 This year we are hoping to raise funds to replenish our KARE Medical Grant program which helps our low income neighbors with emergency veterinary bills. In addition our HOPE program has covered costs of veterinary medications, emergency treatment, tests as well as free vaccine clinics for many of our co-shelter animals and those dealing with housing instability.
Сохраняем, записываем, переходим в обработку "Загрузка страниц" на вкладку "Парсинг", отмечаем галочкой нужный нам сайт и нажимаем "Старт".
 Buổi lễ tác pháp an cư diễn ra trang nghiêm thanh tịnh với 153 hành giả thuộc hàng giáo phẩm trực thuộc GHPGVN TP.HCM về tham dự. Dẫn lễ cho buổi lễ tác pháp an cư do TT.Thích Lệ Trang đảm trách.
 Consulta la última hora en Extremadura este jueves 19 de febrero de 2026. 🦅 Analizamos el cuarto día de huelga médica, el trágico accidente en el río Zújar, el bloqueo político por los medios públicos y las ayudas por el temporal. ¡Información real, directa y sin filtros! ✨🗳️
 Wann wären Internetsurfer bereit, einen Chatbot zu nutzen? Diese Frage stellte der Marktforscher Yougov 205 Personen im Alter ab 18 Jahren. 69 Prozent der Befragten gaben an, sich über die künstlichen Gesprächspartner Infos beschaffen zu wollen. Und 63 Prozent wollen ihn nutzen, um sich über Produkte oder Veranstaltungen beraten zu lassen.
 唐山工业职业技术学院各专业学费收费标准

◇ ◇ ◇ ◇ ◇

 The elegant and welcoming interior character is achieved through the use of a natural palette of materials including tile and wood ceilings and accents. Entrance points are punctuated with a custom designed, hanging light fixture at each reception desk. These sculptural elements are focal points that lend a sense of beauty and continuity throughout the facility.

◇ ◇ ◇ ◇ ◇

* Exercise instructions:
Check each line above for the string "with" and copy those that have it.

* Result of the exercise:
 This year we are hoping to raise funds to replenish our KARE Medical Grant program which helps our low income neighbors with emergency veterinary bills. In addition our HOPE program has covered costs of veterinary medications, emergency treatment, tests as well as free vaccine clinics for many of our co-shelter animals and those dealing with housing instability.
 The elegant and welcoming interior character is achieved through the use of a natural palette of materials including tile and wood ceilings and accents. Entrance points are punctuated with a custom designed, hanging light fixture at each reception desk. These sculptural elements are focal points that lend a sense of beauty and continuity throughout the facility.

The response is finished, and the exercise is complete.